Print each entry word for word without images.

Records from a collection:
════════════════════

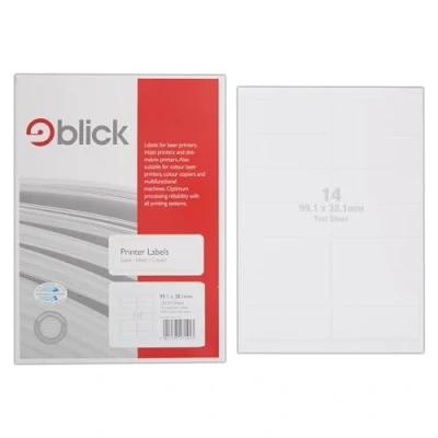 THESE Blick Labels come in a pack of 14Per Sheet 100 Sheets and are Rectangular in shape and White in colour. Each individual Labels size are 99.1mm x 38.1mm and there are 1400 included BLICK have a massive range of office, school and warehouse labels that are suitable for everything from file organisation, reward charts, letter labels and office signs AVAILABLE as small packs, office packs, warehouse packs, on a roll, on lable sheets for printers, mixed packs and assorted colours STICKERS for school, home, reward charts, height charts and more, Blick's self adhesive stickers come in a range of colours and sizes, from hearts to stars and cirles to rectangles ORGANISE your cupboards and home or in the office, labels for jars, spices, home baking, in tray, files and more with Blick's comprehensive range of labels and stickers
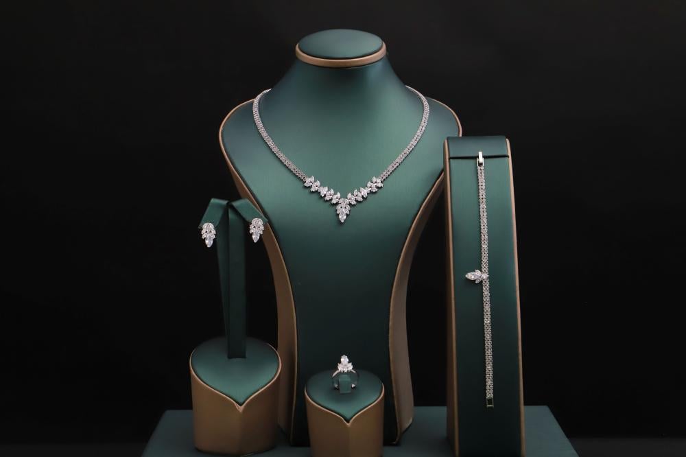 طقم نسائي فاخر مرصع بفصوص الزيركون
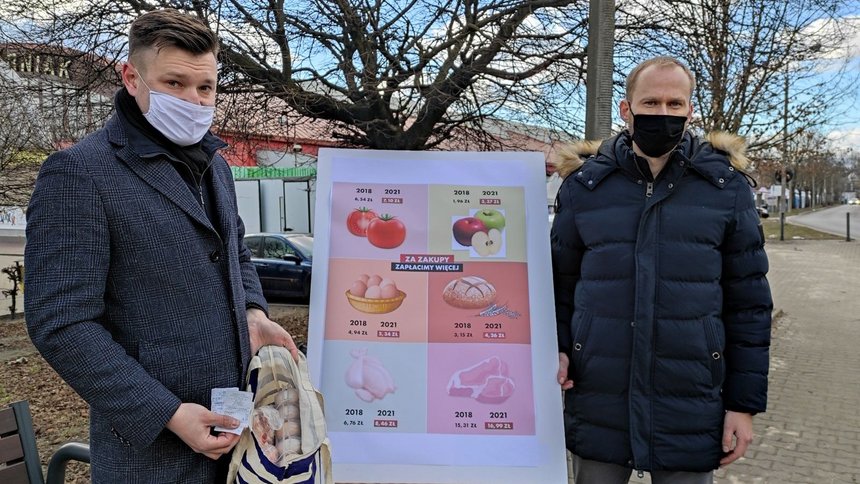 Marcin Hencz, radny Rady Miejskiej w Łodzi: – Jesteśmy z radnym Olejniczakiem po małych zakupach podstawowych produktów spożywczych. Na jednej z sesji Rady Miejskiej, która się odbyła w październiku, rozmawialiśmy o cenach i radni PiS obiecywali wtedy, że ceny będą spadać, że inflacja na pewno nie przekroczy 2,5%. Tymczasem prognozowana inflacja w 2021 roku będzie na poziomie 3,5%. I dowiedzieliśmy się ostatnio, że ceny produktów spożywczych, porównując styczeń 2021 do stycznia 2020 – to jest wzrost o 7%. Tak naprawdę, ceny energii i paliwa windują resztę cen i trudno to zrzucić na przypadki losowe. To są kwestie polityki naszego państwa i pewnych zaległości.
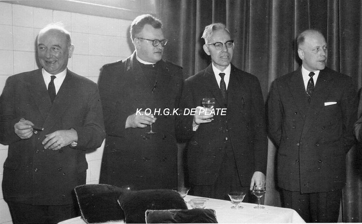 Plechtigheid naar aanleiding van de tewaterlating. Van links naar rechts, Kamiel Dehouck, E.H. Daniël Van Parijs, Dries Claeys en (?). - Map 2009/0842-7
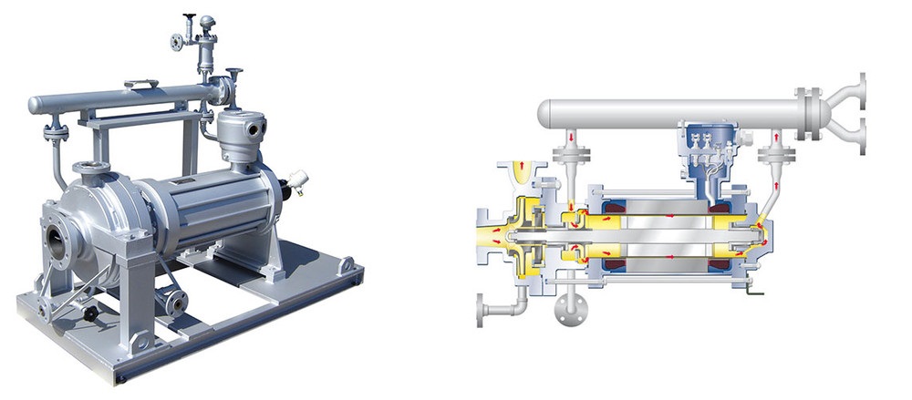 Often designed for extreme conditions, canned motor pumps are used when liquids and gases with extreme temperatures and potential hazards are pumped. These completely enclosed centrifugal pumps in monobloc design are driven by a canned motor thanks to a common shaft using electromagnetic principles. A partial flow is used to cool the motor and lubricate the two identical hydrodynamic slide bearings. After flowing through the gap between rotor and stator, the partial flow is fed back through the hollow shaft to the pressure side of the impeller. For high-temperature applications, HERMETIC offers two distinctive designs: canned motor pumps with externally cooled motors and canned motor pumps with adequate internally cooled motors.
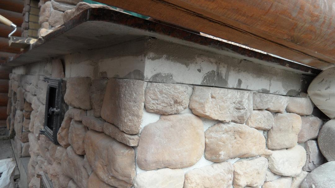 Кирпичную топку мы снаружи обкладываем. И уже дальше на пенобетон клеим
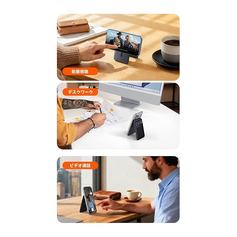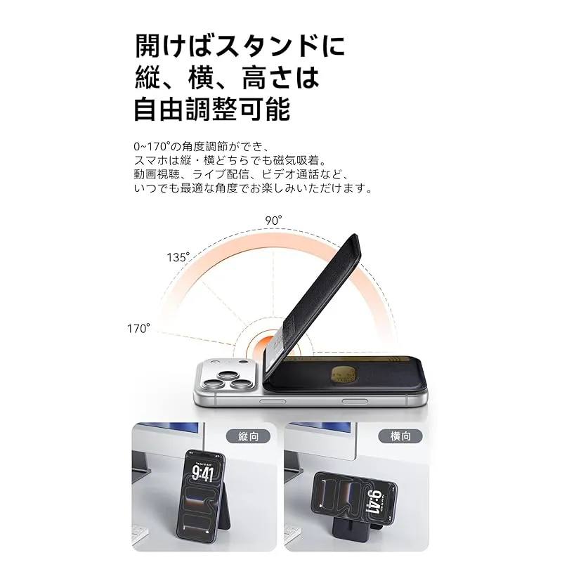 【MagSafe対応 カードケース&スタンド】カードケースとスタンドが一つにする2-in-1多機能マグネットウォレット。これ一つで、動画視聴やオンライン会議はもちろん、お財布代わりに外出可能。毎日の荷物を驚くほど軽く、シンプルにします。
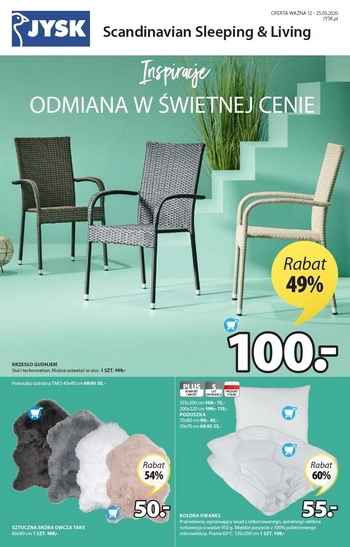'Odmiana w świetnej cenie' - nowa gazetka promocyjna sieci sklepów JYSK. Polecane promocje z gazetki Jysk: Rabat 20-50% na wszystkie meble. Rabat 20-49% na wszystkie rolety. Rabat 20-55% na wszystkie sztuczne rośliny. Oferta ważna…
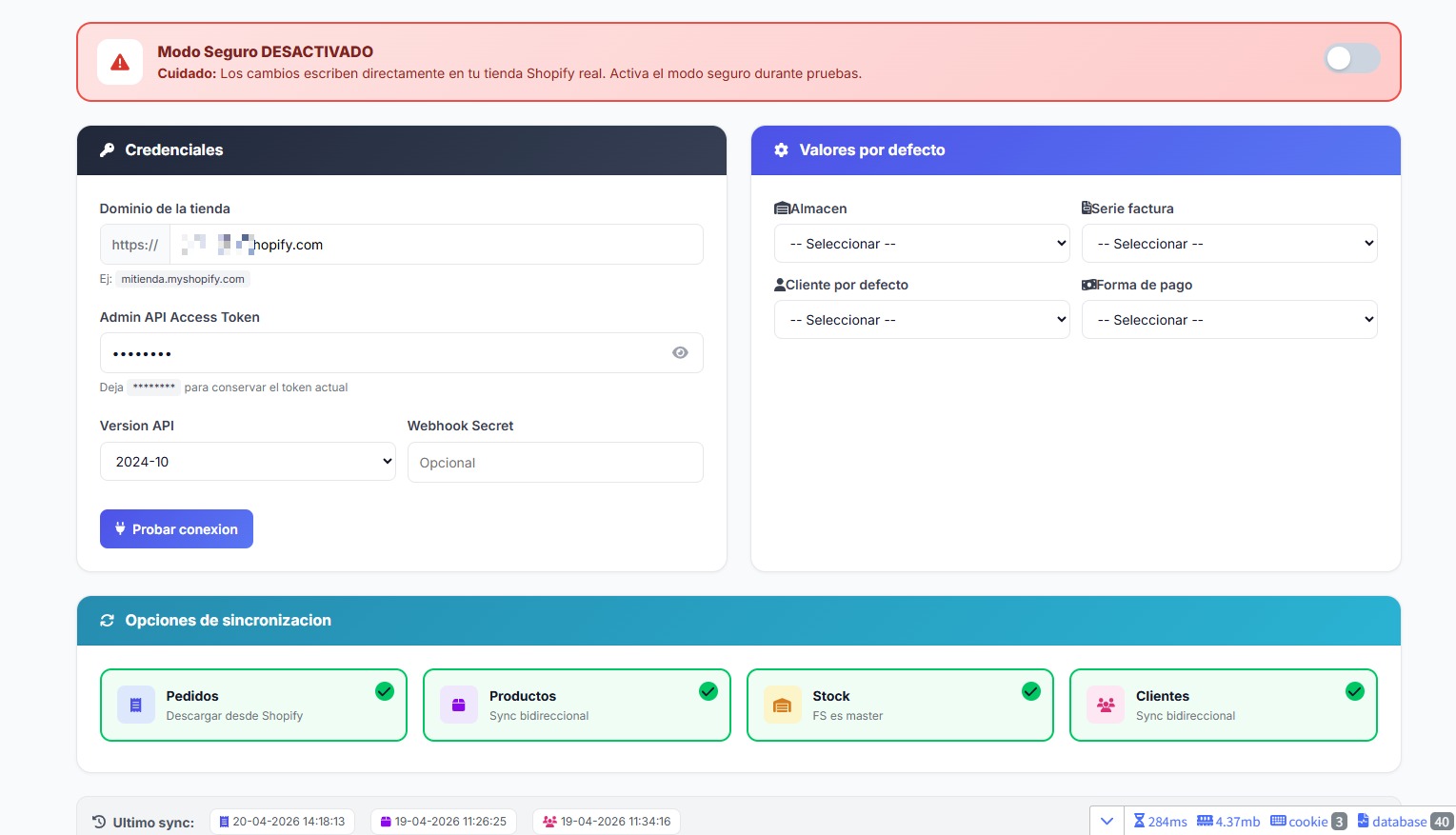 Admin API Access Token Token privado generado en Shopify Si se deja vacío, se mantiene el actual
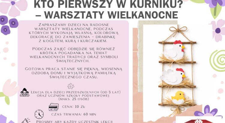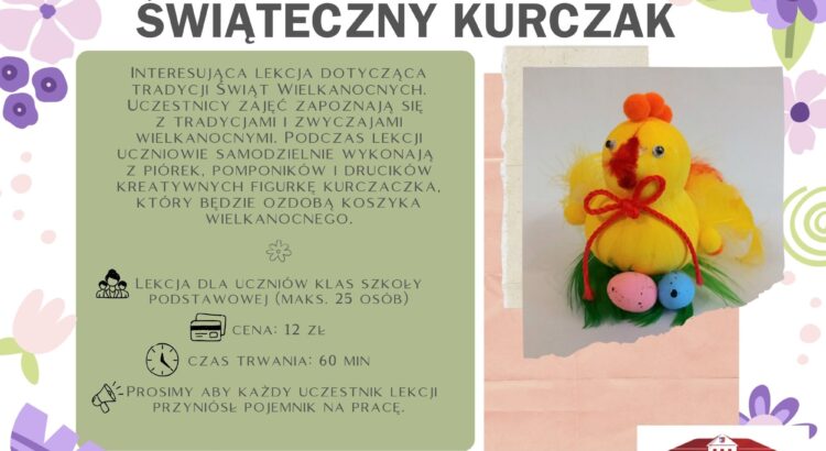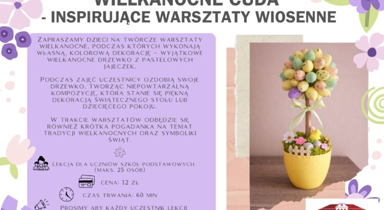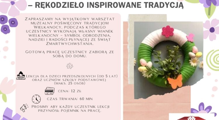 Zapraszamy na wyjątkowy warsztat muzealny poświęcony tradycjom Wielkanocy, podczas którego uczestnicy wykonają własny wianek wielkanocny – symbol odrodzenia, nadziei i radości płynącej ze Świąt Zmartwychwstania. Gotową pracę uczestnicy zabiorą ze sobą do domu. - Czas trwania lekcji: 60 min
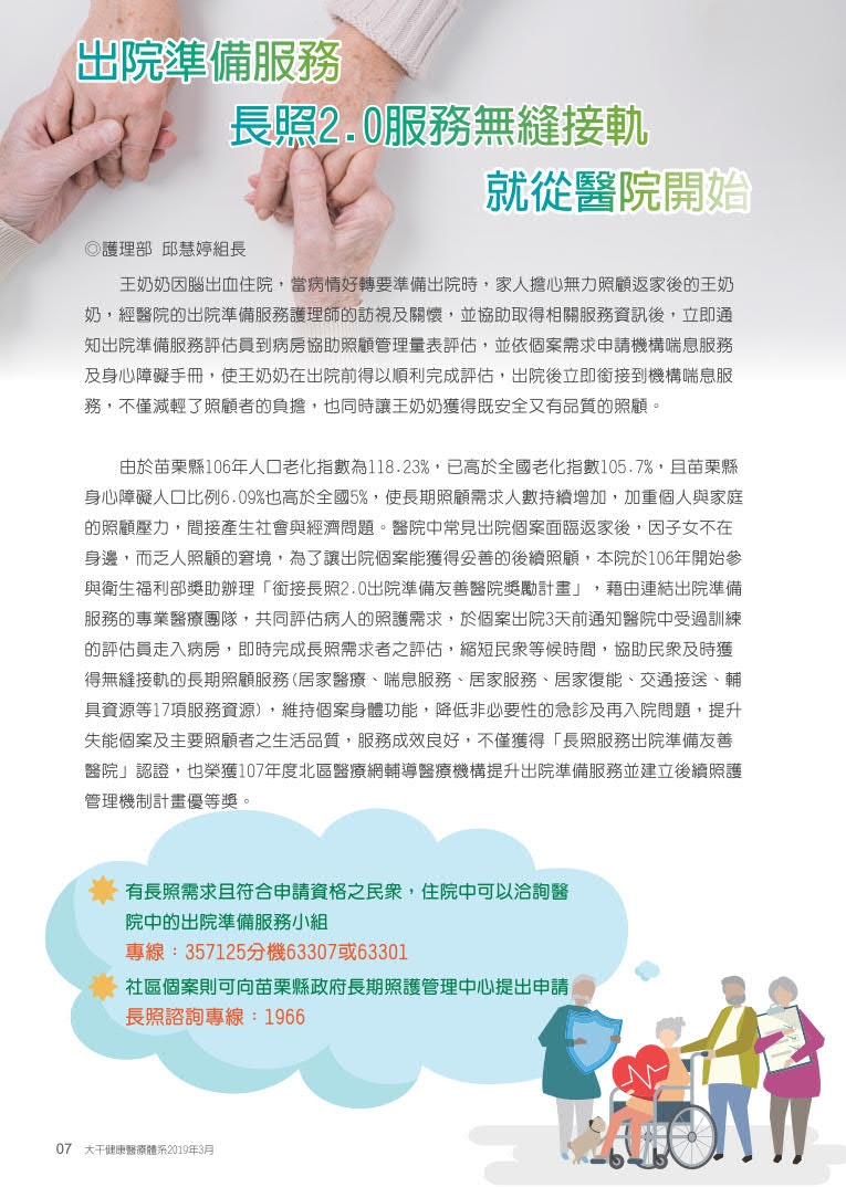 出院準備服務 長照2.0服務無縫接軌 就從醫院開始
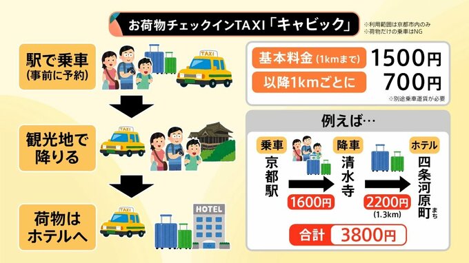 京都市内で利用できる「お荷物チェックインTAXI『キャビック』」は、事前に予約したタクシーに駅で乗車し、観光地で降りると、荷物だけをホテルに運んでくれるというサービスです。
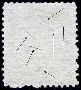 A Brief Look at Paper Types ![]() "Old" paper is anything that the first issue of documentary and proprietary stamps were printed on. There are varieties, and the best distinction between it and the later, watermarked paper is the absence of the watermark. ![]() Some of the old paper has small, intermittent bits of silk in it. This "experimental silk" paper is also found on first issue revenue stamps. Any stamp on experimental silk paper will not have a watermark. ![]() ![]() Silk paper was used for the second and third general issues of revenue stamps. This paper is characterized by the presence of numerous silk threads. ![]() The reason for the use of pink paper is not known. The Boston Book says that it was only used by the National Bank Note Company in late 1877 - early 1878. Watermarked paper had been delivered by then, so this was not done to bridge the deliveries between the silk paper and that. ![]() The white paper used in and after late 1877 contains a double-line USIR watermark. Return |
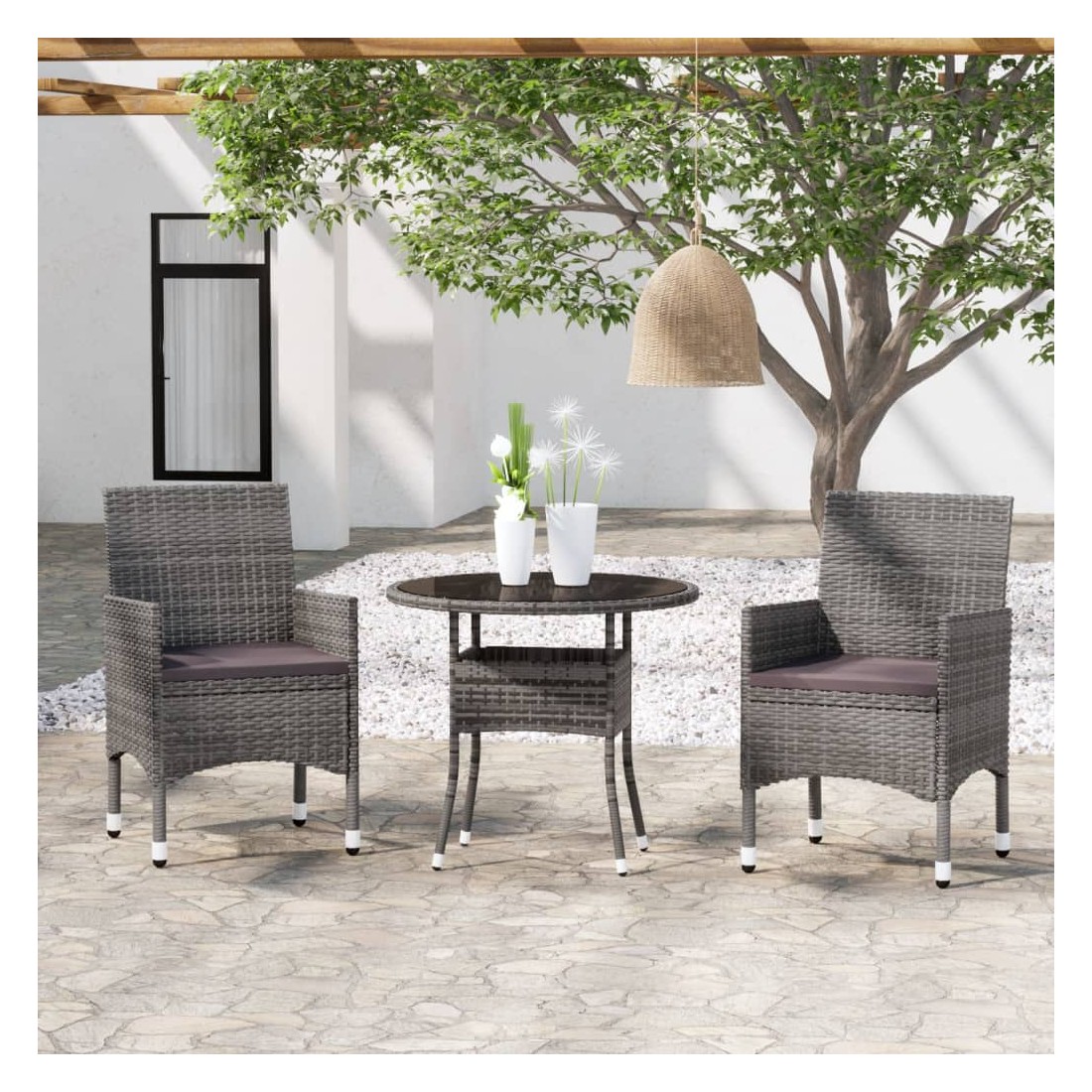 Ensemble à manger de jardin 3 pcs Résine tressée Gris

════════════════════

• _Solution_
 THESE Blick Labels come in a pack of 14Per Sheet 100 Sheets and are Rectangular in shape and White in colour. Each individual Labels size are 99.1mm x 38.1mm and there are 1400 included BLICK have a massive range of office, school and warehouse labels that are suitable for everything from file organisation, reward charts, letter labels and office signs AVAILABLE as small packs, office packs, warehouse packs, on a roll, on lable sheets for printers, mixed packs and assorted colours STICKERS for school, home, reward charts, height charts and more, Blick's self adhesive stickers come in a range of colours and sizes, from hearts to stars and cirles to rectangles ORGANISE your cupboards and home or in the office, labels for jars, spices, home baking, in tray, files and more with Blick's comprehensive range of labels and stickers
 طقم نسائي فاخر مرصع بفصوص الزيركون
 Marcin Hencz, radny Rady Miejskiej w Łodzi: – Jesteśmy z radnym Olejniczakiem po małych zakupach podstawowych produktów spożywczych. Na jednej z sesji Rady Miejskiej, która się odbyła w październiku, rozmawialiśmy o cenach i radni PiS obiecywali wtedy, że ceny będą spadać, że inflacja na pewno nie przekroczy 2,5%. Tymczasem prognozowana inflacja w 2021 roku będzie na poziomie 3,5%. I dowiedzieliśmy się ostatnio, że ceny produktów spożywczych, porównując styczeń 2021 do stycznia 2020 – to jest wzrost o 7%. Tak naprawdę, ceny energii i paliwa windują resztę cen i trudno to zrzucić na przypadki losowe. To są kwestie polityki naszego państwa i pewnych zaległości.
 Plechtigheid naar aanleiding van de tewaterlating. Van links naar rechts, Kamiel Dehouck, E.H. Daniël Van Parijs, Dries Claeys en (?). - Map 2009/0842-7
 Often designed for extreme conditions, canned motor pumps are used when liquids and gases with extreme temperatures and potential hazards are pumped. These completely enclosed centrifugal pumps in monobloc design are driven by a canned motor thanks to a common shaft using electromagnetic principles. A partial flow is used to cool the motor and lubricate the two identical hydrodynamic slide bearings. After flowing through the gap between rotor and stator, the partial flow is fed back through the hollow shaft to the pressure side of the impeller. For high-temperature applications, HERMETIC offers two distinctive designs: canned motor pumps with externally cooled motors and canned motor pumps with adequate internally cooled motors.
 Кирпичную топку мы снаружи обкладываем. И уже дальше на пенобетон клеим
 【MagSafe対応 カードケース&スタンド】カードケースとスタンドが一つにする2-in-1多機能マグネットウォレット。これ一つで、動画視聴やオンライン会議はもちろん、お財布代わりに外出可能。毎日の荷物を驚くほど軽く、シンプルにします。
'Odmiana w świetnej cenie' - nowa gazetka promocyjna sieci sklepów JYSK. Polecane promocje z gazetki Jysk: Rabat 20-50% na wszystkie meble. Rabat 20-49% na wszystkie rolety. Rabat 20-55% na wszystkie sztuczne rośliny. Oferta ważna…
 Admin API Access Token Token privado generado en Shopify Si se deja vacío, se mantiene el actual
 Zapraszamy na wyjątkowy warsztat muzealny poświęcony tradycjom Wielkanocy, podczas którego uczestnicy wykonają własny wianek wielkanocny – symbol odrodzenia, nadziei i radości płynącej ze Świąt Zmartwychwstania. Gotową pracę uczestnicy zabiorą ze sobą do domu. - Czas trwania lekcji: 60 min
 出院準備服務 長照2.0服務無縫接軌 就從醫院開始
 京都市内で利用できる「お荷物チェックインTAXI『キャビック』」は、事前に予約したタクシーに駅で乗車し、観光地で降りると、荷物だけをホテルに運んでくれるというサービスです。
 A Brief Look at Paper Types ![]() "Old" paper is anything that the first issue of documentary and proprietary stamps were printed on. There are varieties, and the best distinction between it and the later, watermarked paper is the absence of the watermark. ![]() Some of the old paper has small, intermittent bits of silk in it. This "experimental silk" paper is also found on first issue revenue stamps. Any stamp on experimental silk paper will not have a watermark. ![]() ![]() Silk paper was used for the second and third general issues of revenue stamps. This paper is characterized by the presence of numerous silk threads. ![]() The reason for the use of pink paper is not known. The Boston Book says that it was only used by the National Bank Note Company in late 1877 - early 1878. Watermarked paper had been delivered by then, so this was not done to bridge the deliveries between the silk paper and that. ![]() The white paper used in and after late 1877 contains a double-line USIR watermark. Return |
 Ensemble à manger de jardin 3 pcs Résine tressée Gris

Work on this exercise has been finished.